Он отвел меня в кафе и заказал антистрессовый коктейль. Секунд десять ушло у него на то, чтобы, не сходя с места, расплатиться за коктейль при помощи дико дорогих биочасов. Я следила за ним исподлобья.
Красив он был, гад, – высокий брюнет, длинные волосы, зеленые глаза – когда-то в самом начале он очень мне нравился. Да что уж там, первые недели работы в кре-депе я была в него страстно влюблена. Кстати, как и все без исключения сотрудники обоих полов и сорока восьми сексуальных статусов (собственный статус Валентин от подчиненных тщательно скрывал). Среда – день планерок – называлась у нас Валентинов день. Я каждый раз с трепетом ждала среды.
Но влюбленность – такое состояние, которое всегда ищет чего-то большего. Как следователь, пристрастный к своему объекту, ищет улик и доказательств вины или невиновности, так и я страстно следила за начальником, но в какой-то момент поняла, что искать там нечего. Он красив. Он положителен. Он двенадцатибалльник. И все. Под ровным загаром Валентина не скрывалось ничего, кроме страстного желания как можно дольше сохранить двенадцатибалльное положение, а если удастся – пролезть в тринадцатибалльники и как-то подобраться к программам по продлению жизни. Ничего больше его не интересовало, и поэтому жить рядом с ним оказалось смертельно скучно. Сейчас, впрочем, от этого самодовольного индюка («Небо, сделай так, чтобы Система все-таки не умела читать мысли!») зависела моя судьба.
Дракей привез коктейль.
– Ну, душа моя, что случилось? – Валентин ласково и сочувственно улыбался, демонстрируя восхитительные достижения двенадцатибалльной стоматологии.

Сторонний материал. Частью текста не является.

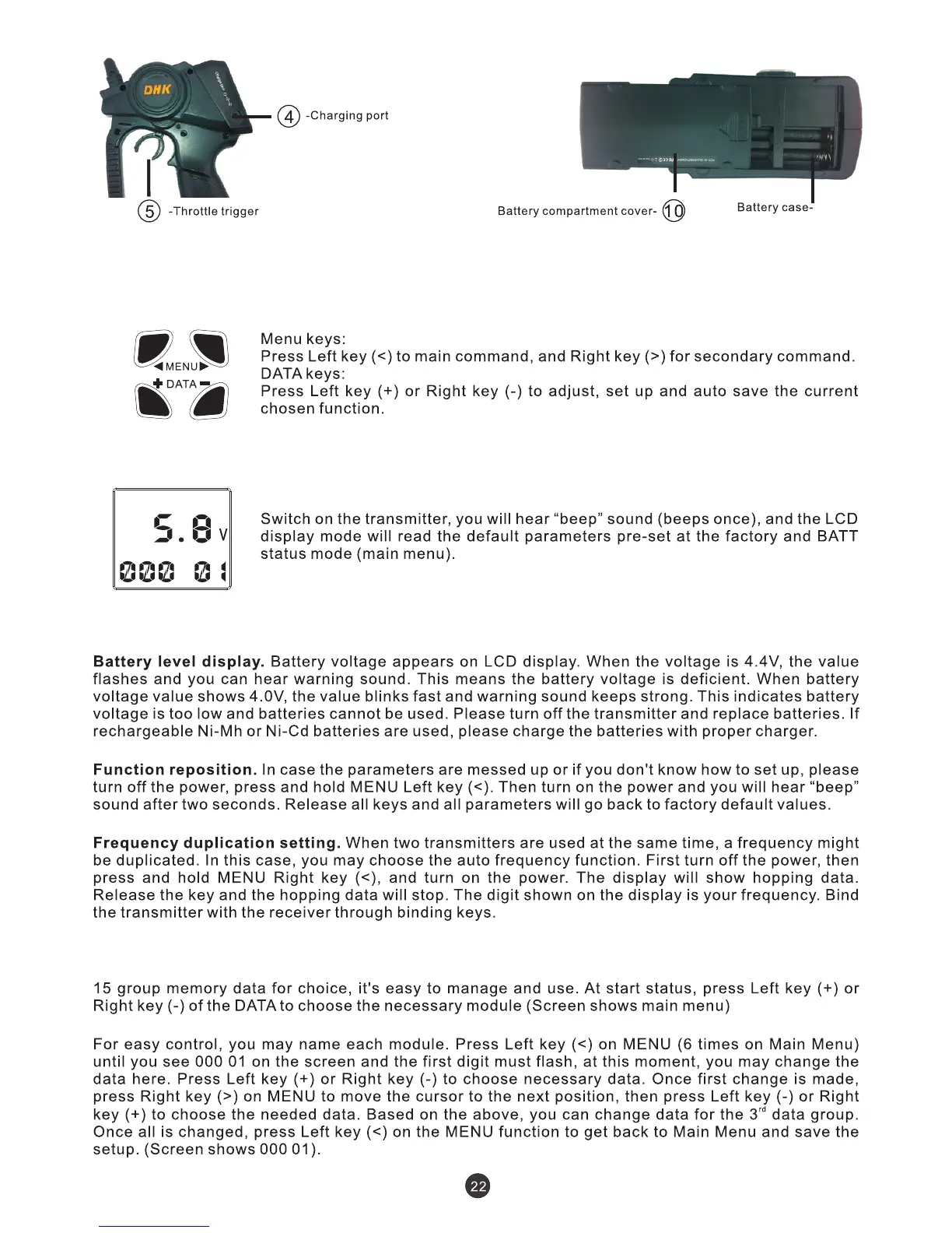 BATT: battery status, function reset settings
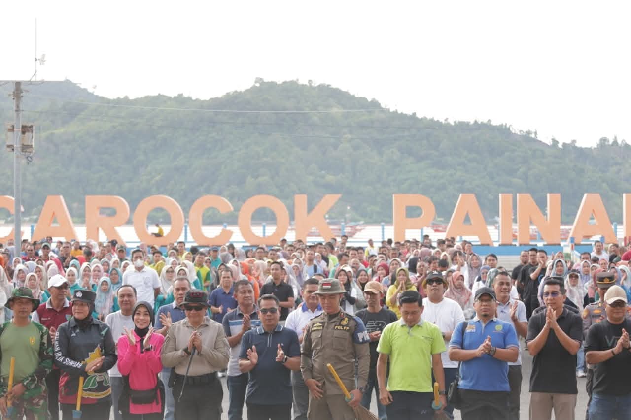 PESSEL, POLIKATA.COM- Pemerintah Kabupaten Pesisir Selatan melalui Dinas Perumahan Rakyat, Kawasan Permukiman dan Pertanahan serta Lingkungan Hidup (Perkimtan LH) menggelar gotong royong massal dalam rangka memperingati Hari Peduli Sampah Nasional (HPSN) Tahun 2026, Jumat (13/2/2026), di kawasan Pantai Carocok Painan hingga Muaro Painan.

Я вздохнула. Он ведь прекрасно знает, что случилось. Отчет о катастрофическом падении моего рейтинга, конечно, был автоматически сформирован и уже упал ему на рабочую почту. И спустился он только через полчаса после скандала у турникета – потому что принимал решение на мой счет и согласовывал с вышестоящим начальством. Моя судьба была уже определена, и приговор вынесен и подписан. Мы оба это знали. И знали также, что даром он мне приговор не огласит. Сначала вымотает всю душу.
Я начала рассказывать про кредит и ссору. Валентин слушал невнимательно и перебил уже через минуту.